Vendor extensions¶
This page covers Pico FIDO behavior that goes beyond baseline FIDO interoperability.
That does not make these features bad. It means they should be documented honestly: useful, powerful, and less portable.
User PIN split¶
The current PicoKeys docs describe a dual-context model:
- Admin PIN for full management
- User PIN for a restricted subset of actions
That is not part of normal WebAuthn portability. It is a product-specific management model.
If you enable it, write down:
- who holds the Admin PIN
- what the User PIN is allowed to do
- how operators recover when the wrong context is active
Permission-scoped management¶
The documented permission mask includes capabilities such as:
- creating credentials
- credential management
- authentication
- Large Blob write
- authenticator configuration
- reset and persistent management actions
This is powerful because it turns Pico FIDO into something closer to a policy-managed authenticator. It is also where assumptions about "works like any other FIDO key" stop being true.

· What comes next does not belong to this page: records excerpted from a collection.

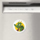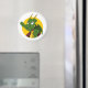 Aimant avec illustration de la tête d'un petit dragon volant vert mignon, en cercle jaune, imaginaire mignon / Conte de fées design pour enfants par Maxi Harmony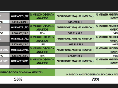 Β. Την 31.12.2019 οι ληξιπρόθεσμές οφειλές διαμορφώθηκαν σε 2.410.538,09 ευρώ, την 31.12.2020 σε 1.868.637,35 ευρώ, την 31.12.2021 σε 2.170.915,32 ευρώ ενώ σήμερα με βάση τα επίσημα στοιχεία της 30/11/2022 το ποσό αυτό ανέρχεται σε μόλις 1.132.967,92 ευρώ με ληξιπρόθεσμα που υπερβαίνουν τις 90 ημέρες και δεν έχουν τακτοποιηθεί από την οικονομική υπηρεσία μόλις 179.607,53 ευρώ. Η μείωση των ληξιπρόθεσμων οφειλών σήμερα σε σχέση με την 31.12.2019 ανέρχεται σε πάνω από 50% γεγονός που αναδεικνύει την προσπάθεια για τακτοποίηση των υποχρεώσεων που γεννούνται από τις δράσεις και τις υποχρεώσεις του φορέα. Παράλληλα εμφανίζεται και η επιτυχής προσπάθεια των υπηρεσιών να ανταποκριθούν στις υποχρεώσεις που γεννούνται εντός των νόμιμων προθεσμιών.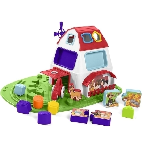 Varias piezas para encajar, desarrollar la coordinación motora, la creatividad y los conocimientos generales. En el granero, cada ventana muestra un escenario diferente con piezas de rompecabezas que se ajustan a las ventanas. Mientras tanto, en el establo, los animales miran al caballo caminar. Y el tractor sigue funcionando, atravesando el granero. El juego es aún más divertido con el misterioso portal, que viene con una abertura flexible para recoger las pequeñas piezas del interior del granero. Hay más de quince piezas desmontables para jugar.

Extended credential views¶
The current docs also describe app-level operations such as:
- exporting metadata as JSON or CSV
- listing creation dates, algorithms, counters, and
credProtectstate - filtering by RP, user, or credential identifier
- per-credential Large Blob handling
These are management conveniences, not guaranteed cross-platform behaviors.
How to think about these features¶
Use vendor extensions when:
- you control the operational environment
- you need the added policy surface
- you can rely on PicoKey-specific tooling
Do not build a portability story around them unless you have tested the exact host tools you intend to support.
Conservative rule¶
If a feature is not part of the baseline CTAP/WebAuthn path, assume it needs explicit interoperability testing before you promise it to anyone else.